Solar energy is nationwide. While California, Florida, and Texas make up a sizable market share, it still thrives in Massachusetts, New Jersey, and New York. It’s a function of falling prices. Witness the growth of the national solar market — due in part to a federal investment tax credit of 26%. That benefit is now available to all carbon-free projects, including nuclear, hydrogen, and carbon capture and storage because of the Inflation Reduction Act.
Meanwhile, West Virginia legislators passed bills so that the two biggest utilities — AEP and FirstEnergy
Corp. — could install solar power in 50-megawatt increments. The legislature also passed a law allowing solar developers to enter into “power purchase agreements” with churches, schools, and municipalities — contracts that give them guaranteed sales at fixed prices.

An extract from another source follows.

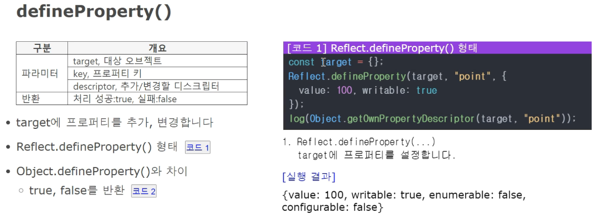 Object.defineProperty() 정적 메서드는 객체에 새로운 속성을 직접 정의하거나 이미 존재하는 속성을 수정한 후, 해당 객체를 반환합니다.

The strategy is working: An EDF Renewables unit and Raleigh Solar applied to build a 92.5-MW facility and a 90-MW project, respectively. And SEVA WV will build a 250-MW project on top of a former coal mine — an investment of $320 million.

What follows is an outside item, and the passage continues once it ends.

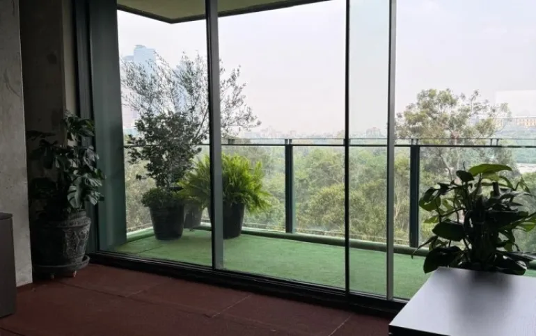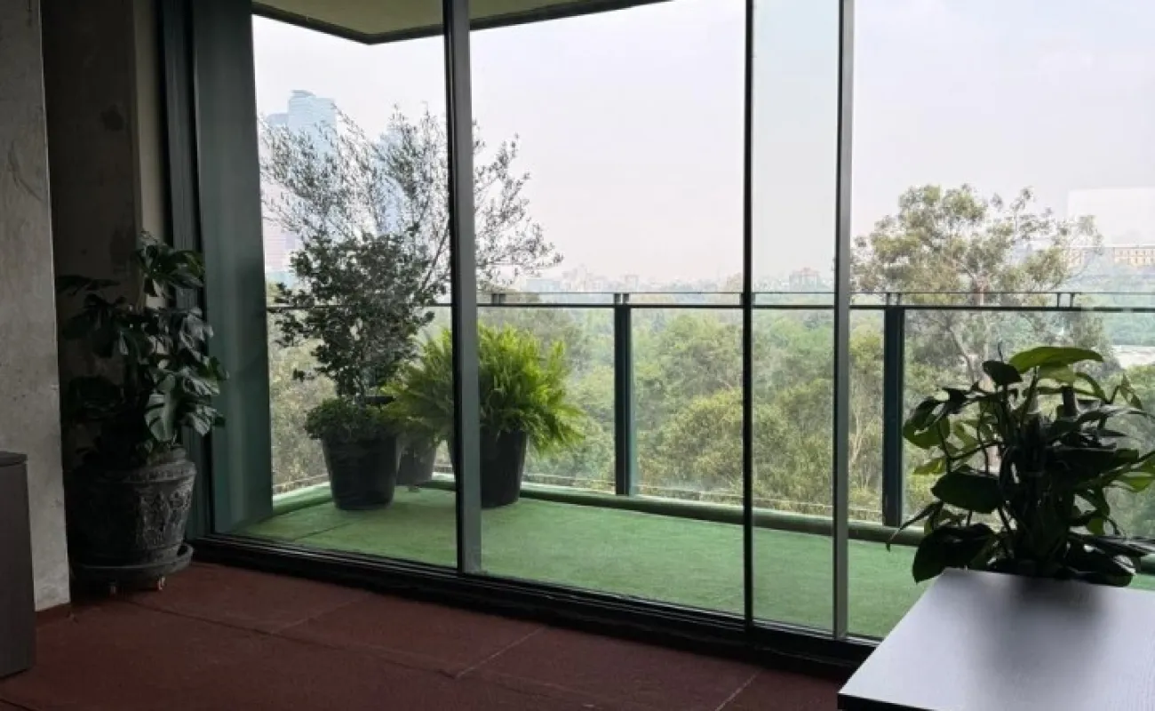 amplia estancia con balcón y vista espectacular al Bosque de Chapultepec.

However, consulting firm Wood MacKenzie says West Virginia has 18 MW of installed solar, which ranks it third from the bottom nationally.
“The energy transition has not happened in West Virginia. But there are some encouraging signs, and the Inflation Reduction Act will jumpstart that,” says Van Nostrand, a Republican. “The primary problem is the state’s public service commission is in coal’s pocket. Consumers are paying more because of it. But it is preventing potential employers from locating here. The interconnected grid means we can buy clean power elsewhere for now. Moving away from coal is needed to save the planet — and it will result in lower electricity rates.”
It will also spawn economic development and bring 21st Century businesses to the state. Berkshire Hathaway is the latest, preceded by others that promise to hire thousands and contribute to the treasury. It’s been a slow process, but West Virginia will move forward — powered by clean energy and demanded by its people.